# Times like these...



## Bacon (Jul 14, 2011)

make me proud I ride a Brute.






Video's probably here already (might even be posted by someone on this site) but wasn't exactly sure how to search for it lol.


----------



## Polaris425 (Dec 16, 2004)

yeah it's been posted a 100 times...

And as always, I love the brute but, it isnt really a fair comparison.. Like putting a honda civic up against a alcohol car.... lol so IMO, the video is pointless for what they are trying to say...


----------



## enraged350 (Mar 1, 2011)

^X2 Although impressive you can just HEAR how built that brute is. I don't think it even touched the mud...


----------



## Bacon (Jul 14, 2011)

Polaris425 said:


> And as always, I love the brute but, it isnt really a fair comparison.. Like putting a honda civic up against a alcohol car....

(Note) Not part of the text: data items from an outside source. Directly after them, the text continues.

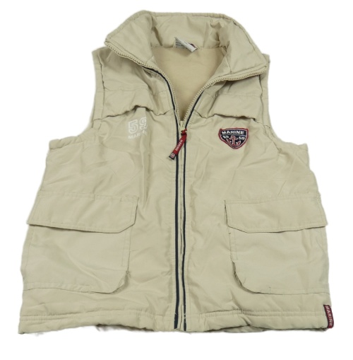Béžová šušťáková zateplená vesta s nášivkou
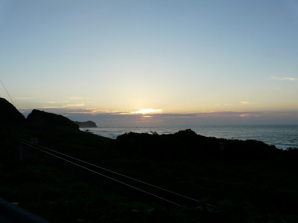 駅から西へ、国道9号から一本入ったところからきれいに海に沈む夕日と線路が望める場所がありました。もっといいカメラがあればいい写真が撮れるんでしょうかね?
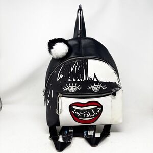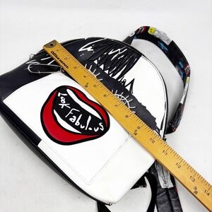 Details: Embroidered "Look Fabulous" lips, eye embroidery, safety pin zipper pull, faux fur pom-pom charm, printed adjustable straps

:haha: So what you're saying is.... arctic cat/can-am = about the same as honda :33:

'Eh, mods to the brute aside you can't say you don't feel a little giddy after watching this video.


----------



## Polaris425 (Dec 16, 2004)

I really dont when comparing it to other quads... b/c if you build the motor of the other 2, slapped paddles and NOS on them as well, the brute might not have been the first across the pit...


just saying..............


----------



## Bacon (Jul 14, 2011)

..............BLASPHEMY!


----------



## Polaris425 (Dec 16, 2004)

haha!


----------



## wyo58 (May 13, 2011)

Bacon said:


> ..............BLASPHEMY!


Lmao


----------



## NMKawierider (Apr 11, 2009)

Still....always a good one to watch.


----------



## whoolieshop (Mar 22, 2011)

Horray for paddle tires lol


----------